[Records from a data source]
┌──

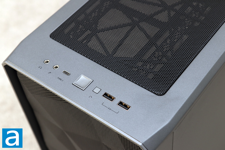 At the top of the Fractal Design Meshify 2 Compact, we have a few updates to point out. For the front I/O, we have a very familiar design to the original Meshify C. In the middle, we have a large square power button. Flanking it on the left side are two audio jacks for the headphones and microphones. Next, we have a USB 3.2 Type-C plug with support for up to 10Gbps speeds. On the right side, we have a smaller square reset button followed by two USB 3.1 Type-A ports. I am quite happy to see that Fractal Design did not remove a Type-A port, as some manufacturers are in the habit of doing, but instead added the newer plug to the rest of the I/O connections. At the back of the top panel, you can see a mesh opening at the top for allowing air to pass through at the top. While the original Meshify C used a magnetic plastic mesh, our Meshify 2 Compact requires users to remove the entire top panel off before removing the mesh filter. I am a bit indifferent to this change. On one hand, this means you will need to put in a bit more effort if you want to clean the top. On the other hand, this enables users to completely remove the top panel for easier installation, as we will see later in our review.
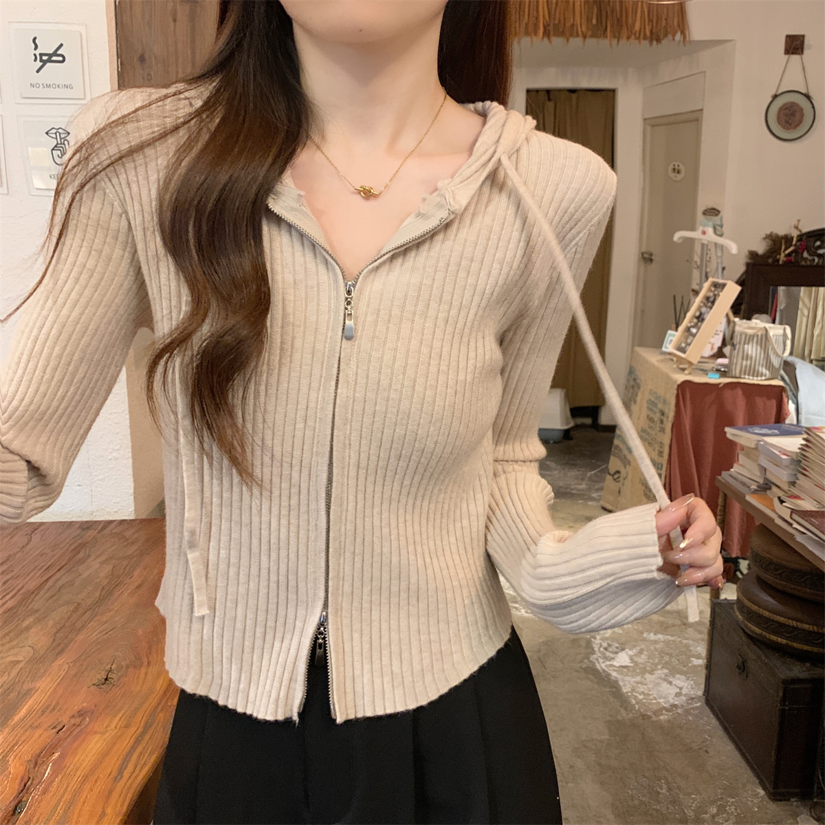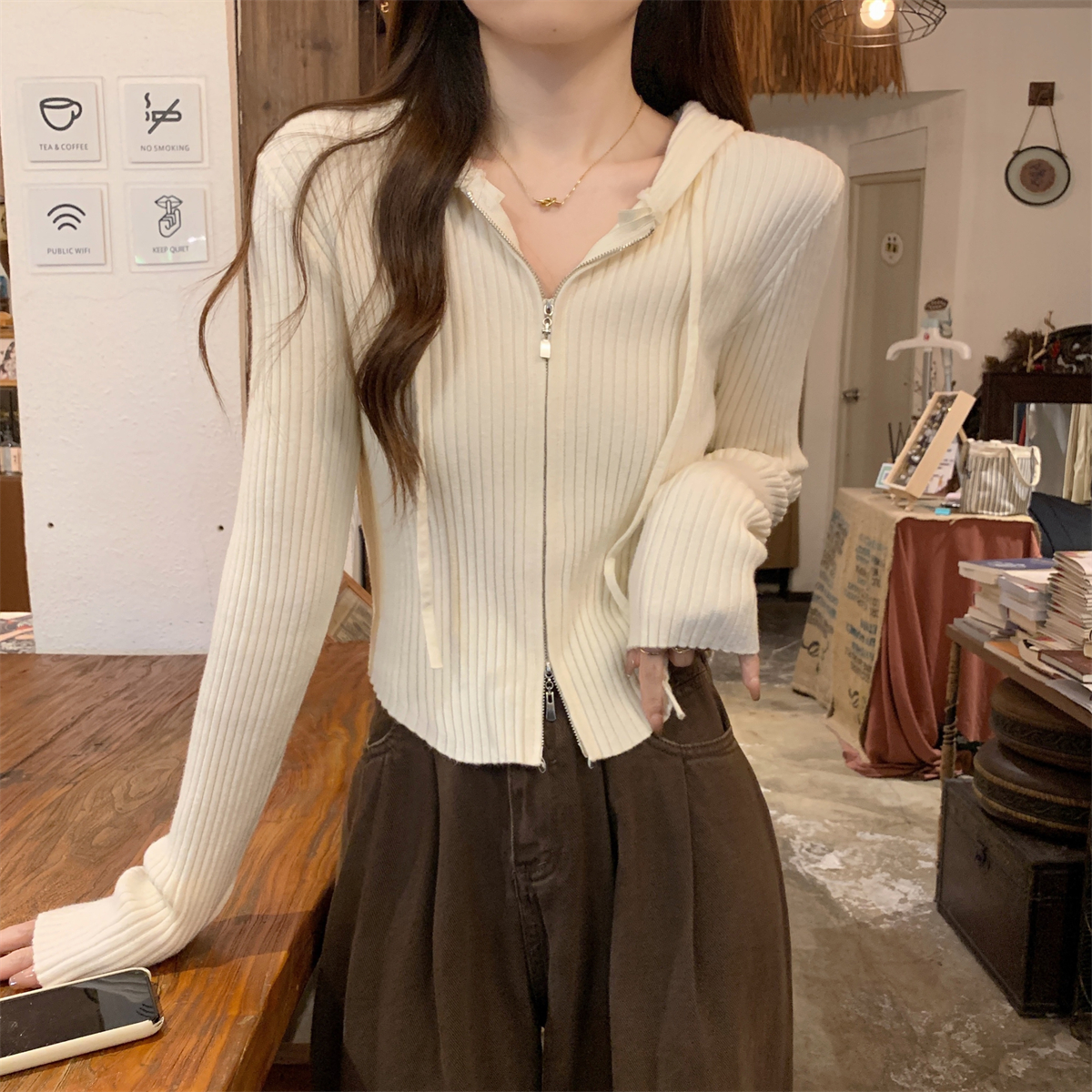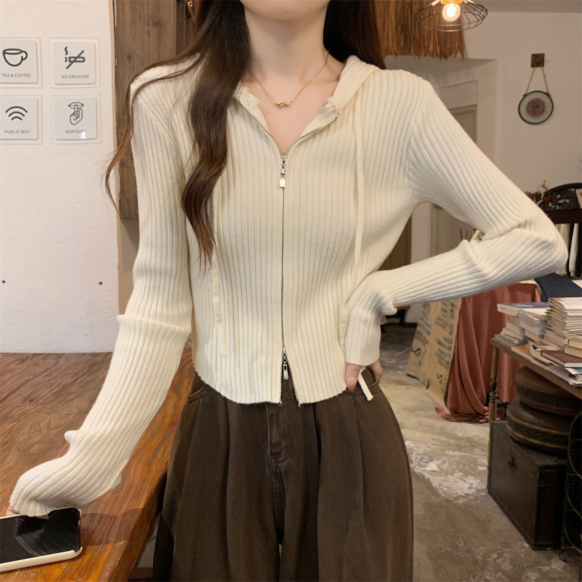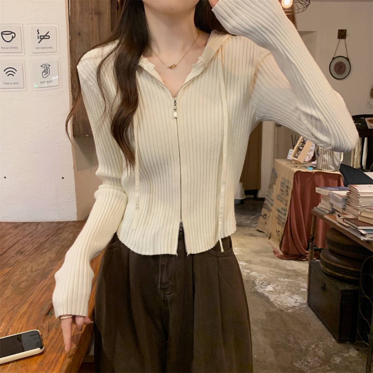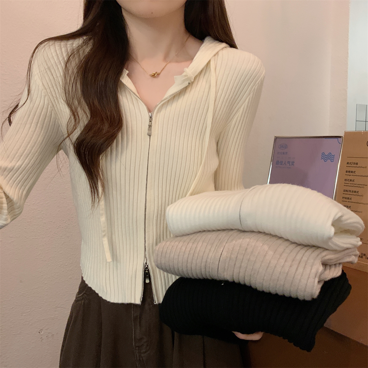 2025秋裝新款韓系早秋氛圍感穿搭毛衣秋季連帽針織開衫初秋上衣
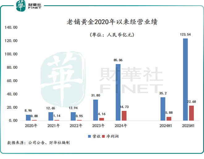 根据业绩报,于今年上半年,老铺黄金实现营业收入123.54亿元(单位人民币,下同),同比大幅增长251%;期内利润为22.68亿元,同比增幅达285.8%。
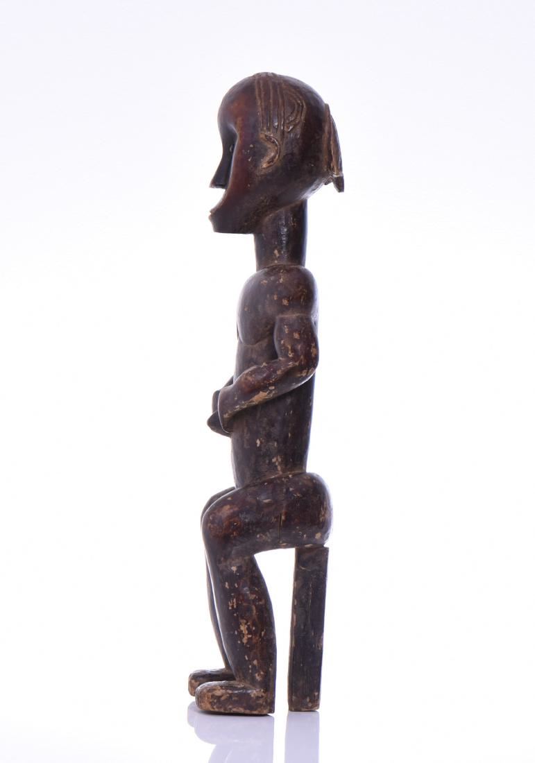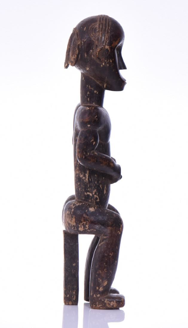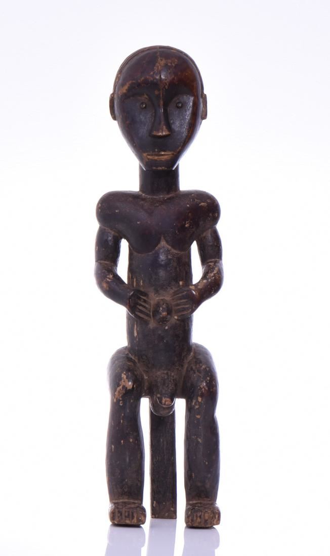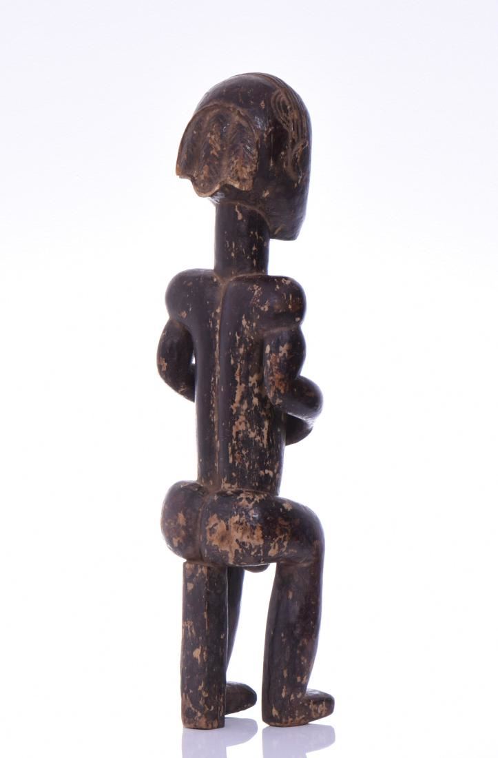 Southern Fang Male Reliquary Guardian Power Figure, African Wood Carving. Estimated more than 100 yrs old. African art is a term typically used for the art of Sub-Saharan Africa. A few of the most popular traditional African art was produced by the tribal people of the Fang, Dan, Baoule, Dogon, Senoufo, Makonde, Bambara, and San. Most African sculpture was historically in wood and other natural materials that have not survived from earlier than a few centuries ago; older pottery figures can be found from a number of areas. Masks are important elements in the art of many peoples, along with human figures, often highly stylized and in vast variety of styles. Sculpture is most common among "groups of settled cultivators in the areas drained by the Niger and Congo rivers. Direct images of deities are relatively infrequent, but masks in particular were made for religious ceremonies. Later West African cultures developed bronze casting for reliefs, like the Benin Bronzes, to decorate palaces and for highly naturalistic royal heads from around the Yoruba town of Ife, in terracotta as well as metal, from the 12th to 14th centuries. Akan gold weights are a form of small metal sculptures produced over the period 1400–1900; some apparently represent proverbs, contributing a narrative element rare in African sculpture; and royal regalia included impressive gold sculptured elements. Many West African figures are used in religious rituals and are often coated with materials placed on them for ceremonial offerings. Eastern Africans, in many areas shorter of large timber to carve, are known for Tinga Tinga paintings and Makonde sculptures. There is also tradition of producing textile art. Modern Zimbabwean sculptors in soapstone have achieved considerable international success. Southern Africa's oldest known clay figures date from 400 to 600 AD and have cylindrical heads with a mixture of human and animal features. (Wikipedia) Size: See Ruler Photo. (Photos Represent The Condition Of The Lot.)
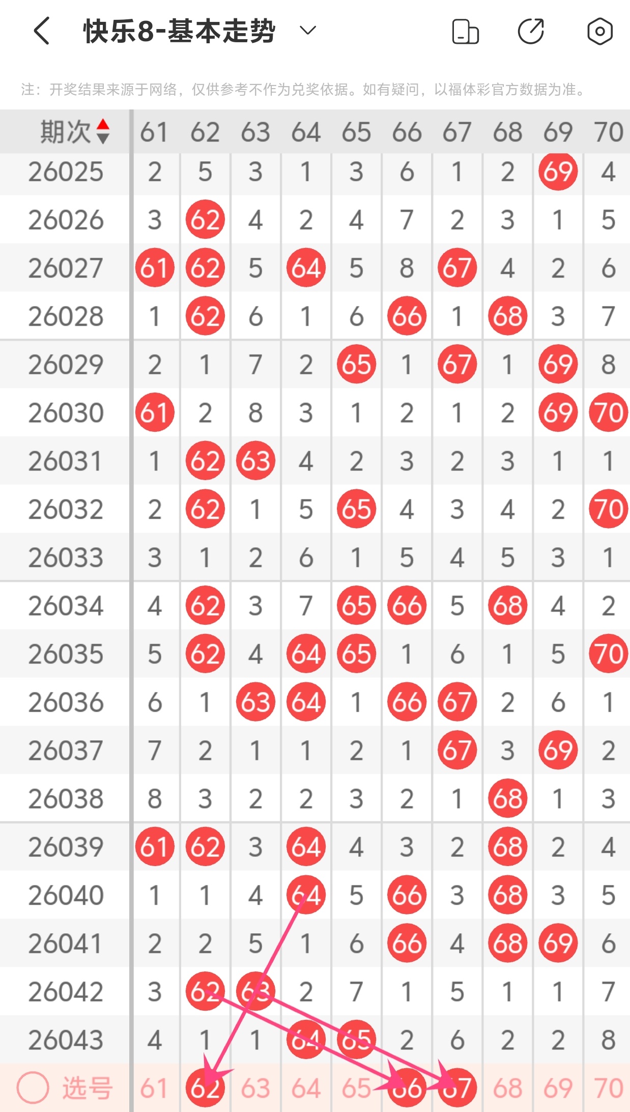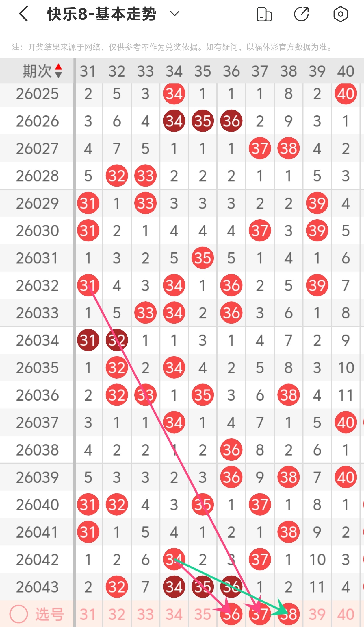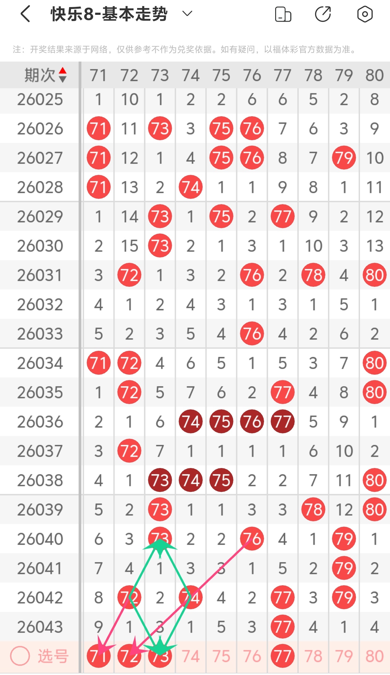 大伙都知道,玩彩票得理性,谁也不能打包票百分百中奖,别人的看法能参考,自己的判断也不能丢。但我这次对2026044期福彩快乐8的分析,那可是下足了功夫!
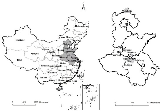 This study conducted a large-scale questionnaire survey of villages and farmers across five provinces in China. A stratified random sampling method was used. First, several counties were selected in each province. The sampled counties had to meet the following two criteria: First, the county had to have suffered, at least once during 2010–2012, from a most severe or a severe drought, which indicates a drought disaster year. Second, the county had to have experienced at least one year of relatively normal weather during 2010–2012, which indicates a normal year. According to China’s national standard for natural disasters, natural disasters can be classified into four categories according to their severity: most severe, severe, moderate, and small [44]. A year is defined as a disaster year if the local government declares a disaster warning with a most severe or severe level; otherwise, it is a normal year. Next, three townships were randomly selected from each sample county. Townships were selected based on the infrastructure condition of irrigation and drainage, which was divided into three categories: good, medium, and poor. In each county, one township was selected for each category. Then, three villages were randomly selected in each selected township. At last, 10 farmers were randomly selected from each selected village to answer a questionnaire survey. The selected farmers were mainly engaged in crop production, and detailed interviews were carried out on the largest two plots of each farmer. According to the data processing, the total sample included five provinces, Henan, Hebei, Shandong, Anhui, and Jiangsu, 11 counties, 33 towns, 99 villages, 988 farmers, and 1880 plots (Table 1).
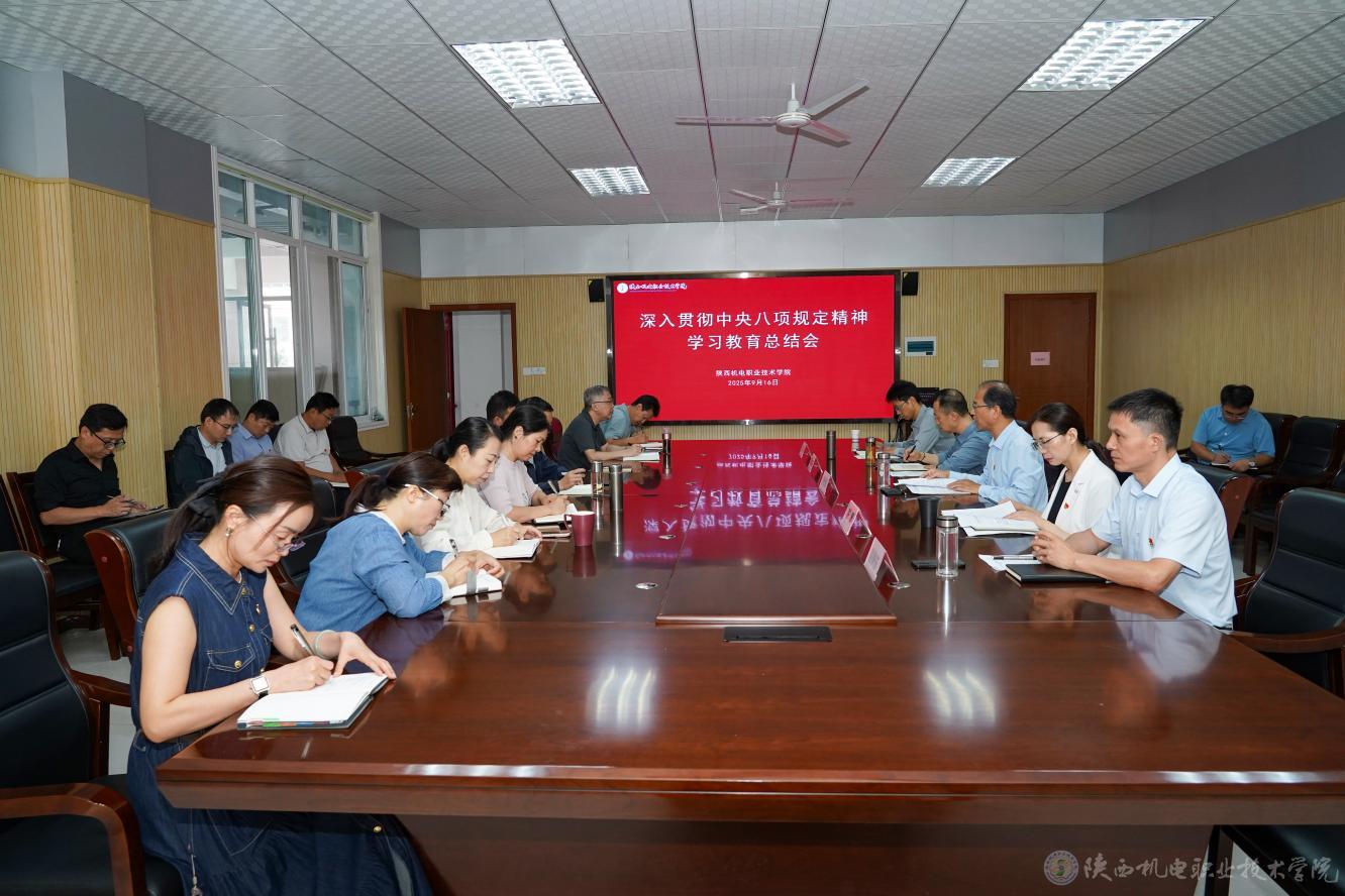 9月16日,陕西机电职业技术学院党委在蟠龙校区图书馆二楼会议室召开深入贯彻中央八项规定精神学习教育总结会,认真学习贯彻习近平总书记关于深入贯彻中央八项规定精神学习教育的重要指示精神,传达中央和省委党的建设工作领导小组会议精神,全面总结学校学习教育成效,部署下一步重点工作。党委书记伊逊智主持会议并讲话。
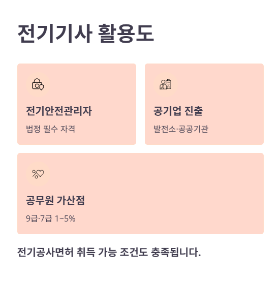 이 자격들은 모두 전기공사업, 공공기관, 건설·설비기업 취업의 핵심 기준으로 활용됩니다.
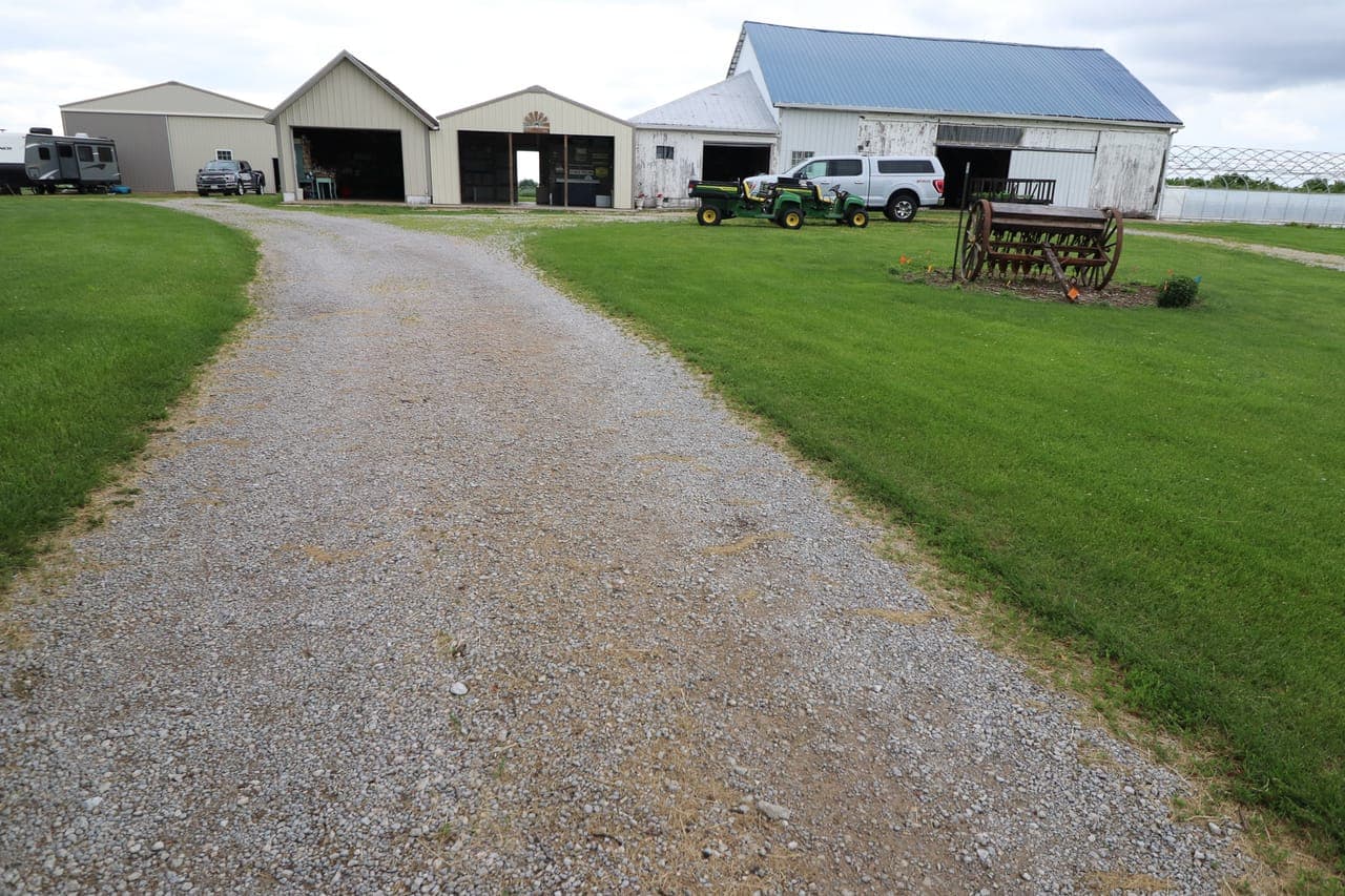 The charming 1994 sq ft, 3 bed/2bath Bedford stone home provides a comfortable retreat, featuring modern amenities and a newer all-season porch that overlooks the verdant landscape. With ample space for relaxation and entertainment, it serves as the perfect complement to the bustling activities of the produce business.

└──

In the data above, retype only the stretch from the line with "2025秋裝新款韓系早秋氛圍感穿搭毛衣秋季連帽針織開衫初秋上衣" through the line with "根据业绩报,于今年上半年,老", word for word, and skip any pictures.

* _Answer section_
 2025秋裝新款韓系早秋氛圍感穿搭毛衣秋季連帽針織開衫初秋上衣
 根据业绩报,于今年上半年,老铺黄金实现营业收入123.54亿元(单位人民币,下同),同比大幅增长251%;期内利润为22.68亿元,同比增幅达285.8%。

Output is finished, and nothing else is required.